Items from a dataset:
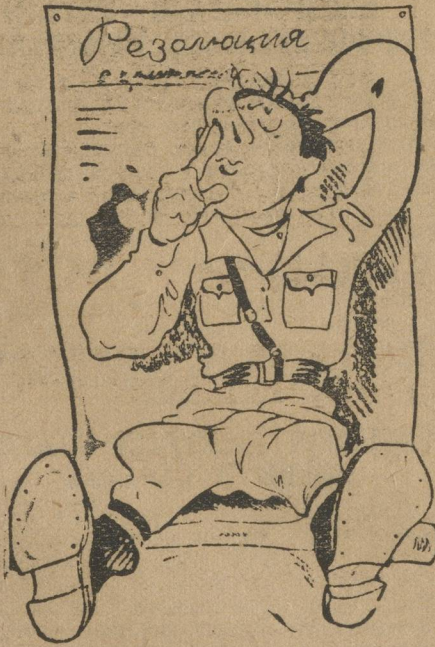
В муках перестройки.

Работой нагружены не все. Работают только «старички», да и как работают-то, больше говорят. У многих
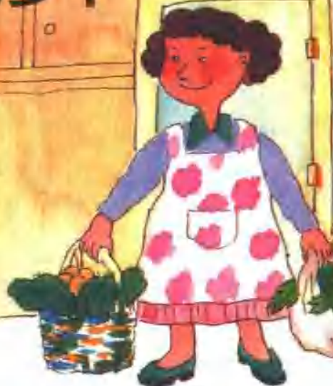
1. 星期天,妈妈买了许多菜。
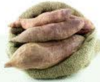
la batata el camote
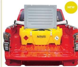
Carrytank 220 Pick-up

Contenedores de polioil lona específicos para transporte en camionetas pick-up de diesel, con exención total ADR
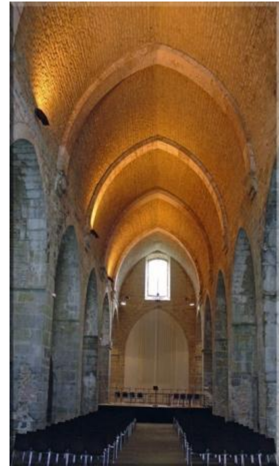
EL EDIFICIO DEL SIGLO XVII DEL LIVING LAB (EN RESTAURACIÓN)

What needs to be done:
Could you please repeat the entries above exactly, with every picture left out?

Answer below:
В муках перестройки.

Работой нагружены не все. Работают только «старички», да и как работают-то, больше говорят. У многих
1. 星期天,妈妈买了许多菜。
la batata el camote
Carrytank 220 Pick-up

Contenedores de polioil lona específicos para transporte en camionetas pick-up de diesel, con exención total ADR
EL EDIFICIO DEL SIGLO XVII DEL LIVING LAB (EN RESTAURACIÓN)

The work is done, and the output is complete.